--- SOURCE DATA ---

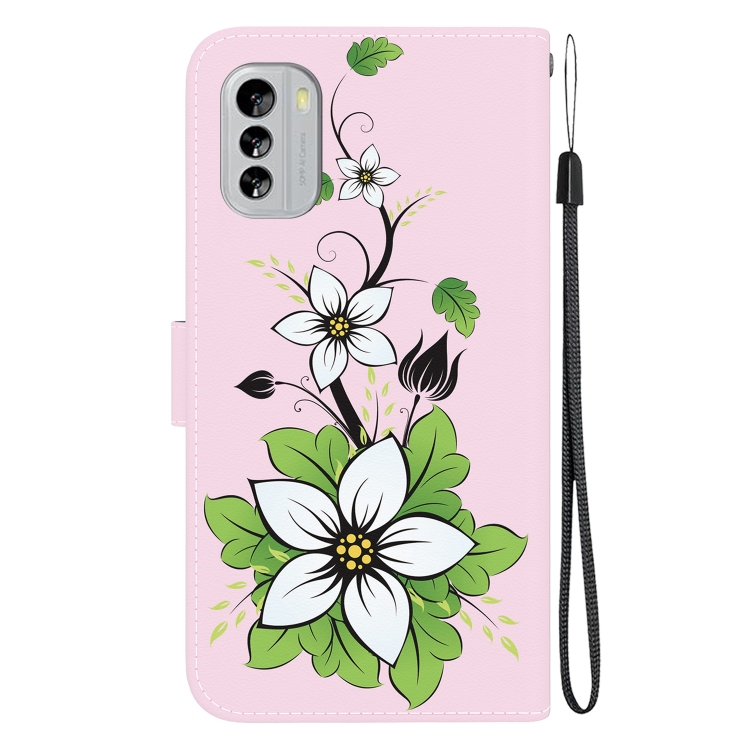 Funda de Cuero para Nokia G60 con Dibujo Coloreado y Textura de Cristal (Lily)
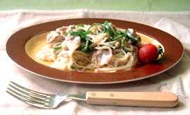 今年の夏、香川県の小豆島に家族旅行をした。小豆島の名物のひとつが、ソーメン。流しソーメンの看板につられて入ったお店の流しソーメンは、なんと、電気で流れる通販で売っているようなヤツだった。半分に切った竹を流れてくるソーメンを想像してたのに…。でもコシがあって味はよかったんだけどね。ところで台所の隅に残っているソーメンどうしよう? もう冷やしソーメンって季節でもないし。おいしい食べ方ないかな? と考えたのがコレ。
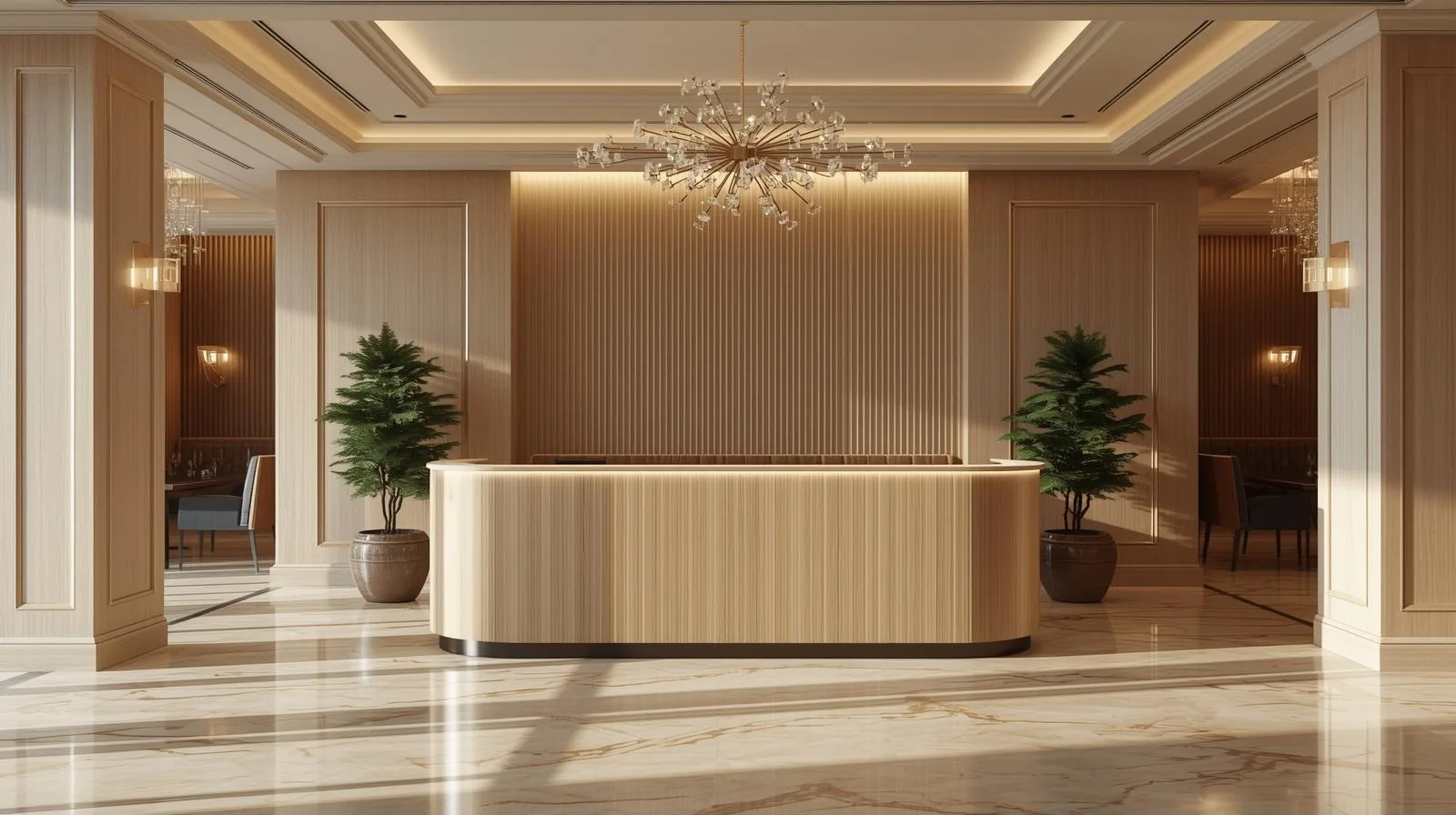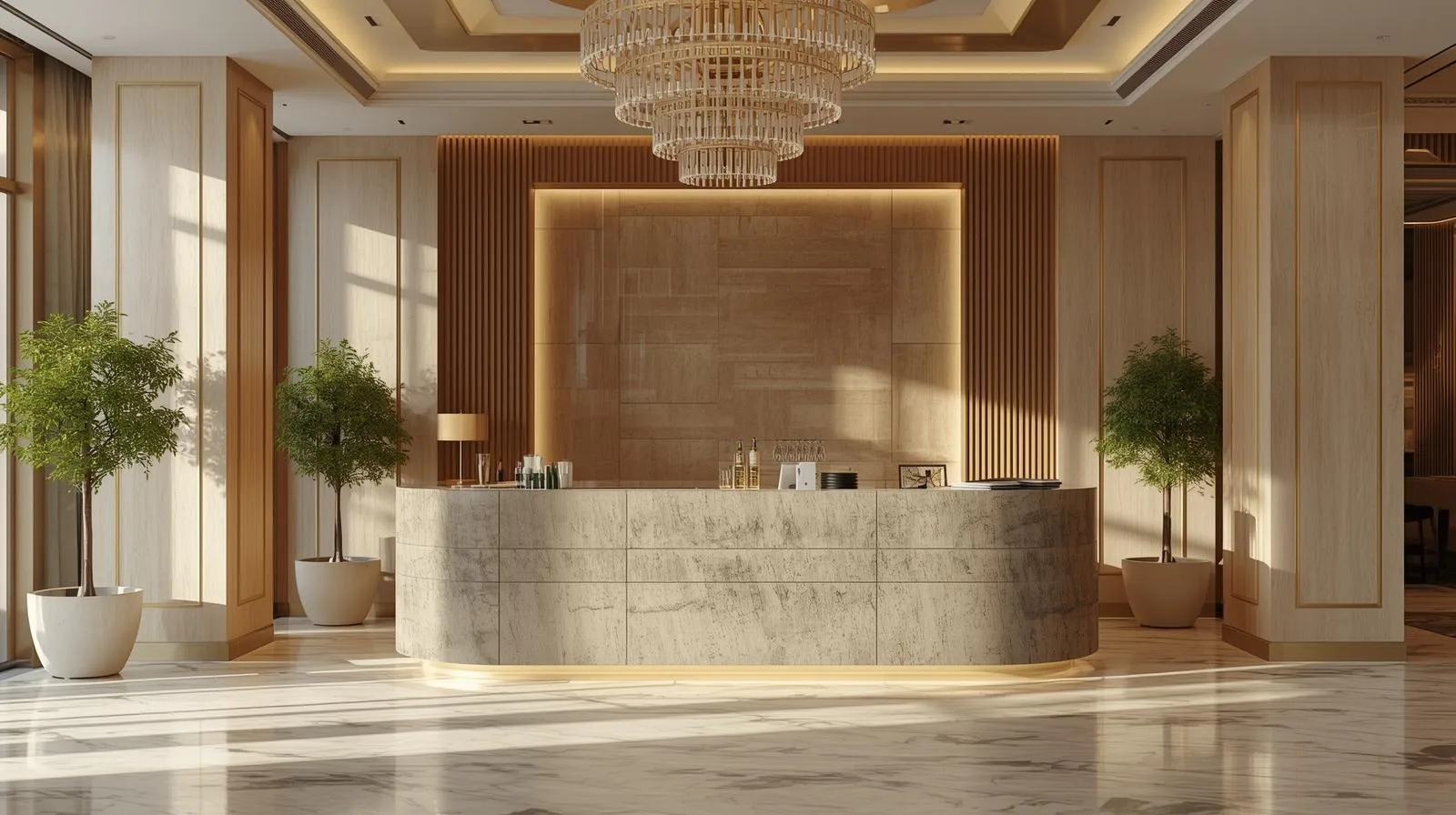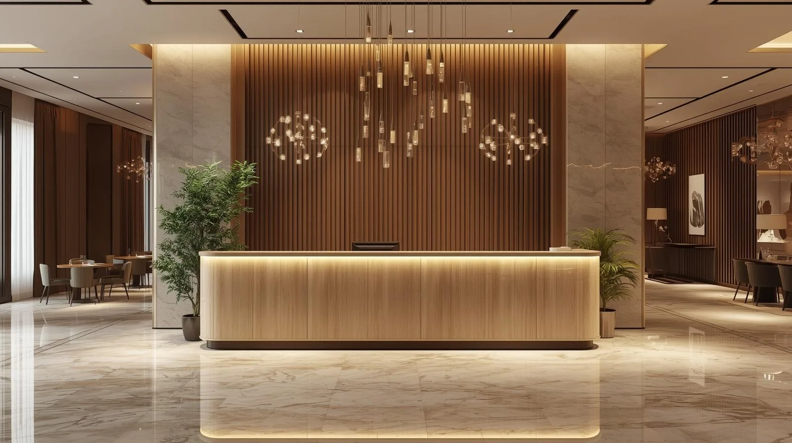 Ấn tượng đầu tiên ảnh hưởng lớn đến cảm nhận của thực khách. Một quầy lễ tân sang trọng, tinh tế sẽ khiến khách hàng tin tưởng và hài lòng trước khi trải nghiệm ẩm thực.
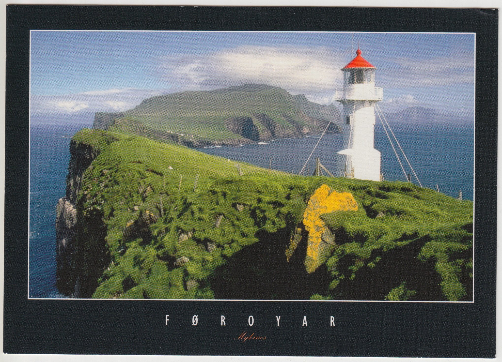 Téměř na týden o jeden rok později po mých prvních pohlednicích je následovala krásná pohlednice majáku z ostrova Mykines od Eleny ze Sandvíku.
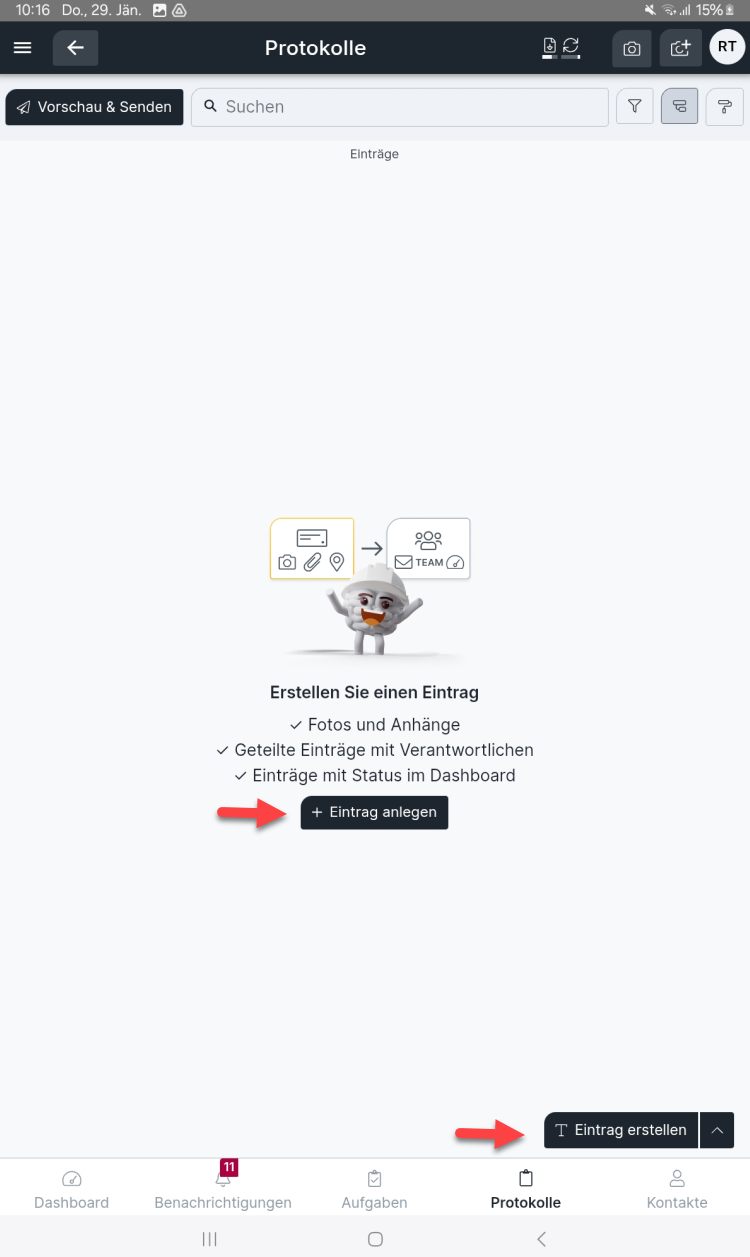 Haben Sie ein Protokoll angelegt, klicken Sie im Protokoll rechts unten auf Eintrag erstellen.

---

• ASSIGNED TASK:
If a line falls between the first line of the records above and the line containing "Téměř na týden", inclusive, retype it exactly; leave pictures out.

• RESULT OF THE TASK:
 Funda de Cuero para Nokia G60 con Dibujo Coloreado y Textura de Cristal (Lily)
 今年の夏、香川県の小豆島に家族旅行をした。小豆島の名物のひとつが、ソーメン。流しソーメンの看板につられて入ったお店の流しソーメンは、なんと、電気で流れる通販で売っているようなヤツだった。半分に切った竹を流れてくるソーメンを想像してたのに…。でもコシがあって味はよかったんだけどね。ところで台所の隅に残っているソーメンどうしよう? もう冷やしソーメンって季節でもないし。おいしい食べ方ないかな? と考えたのがコレ。
 Ấn tượng đầu tiên ảnh hưởng lớn đến cảm nhận của thực khách. Một quầy lễ tân sang trọng, tinh tế sẽ khiến khách hàng tin tưởng và hài lòng trước khi trải nghiệm ẩm thực.
 Téměř na týden o jeden rok později po mých prvních pohlednicích je následovala krásná pohlednice majáku z ostrova Mykines od Eleny ze Sandvíku.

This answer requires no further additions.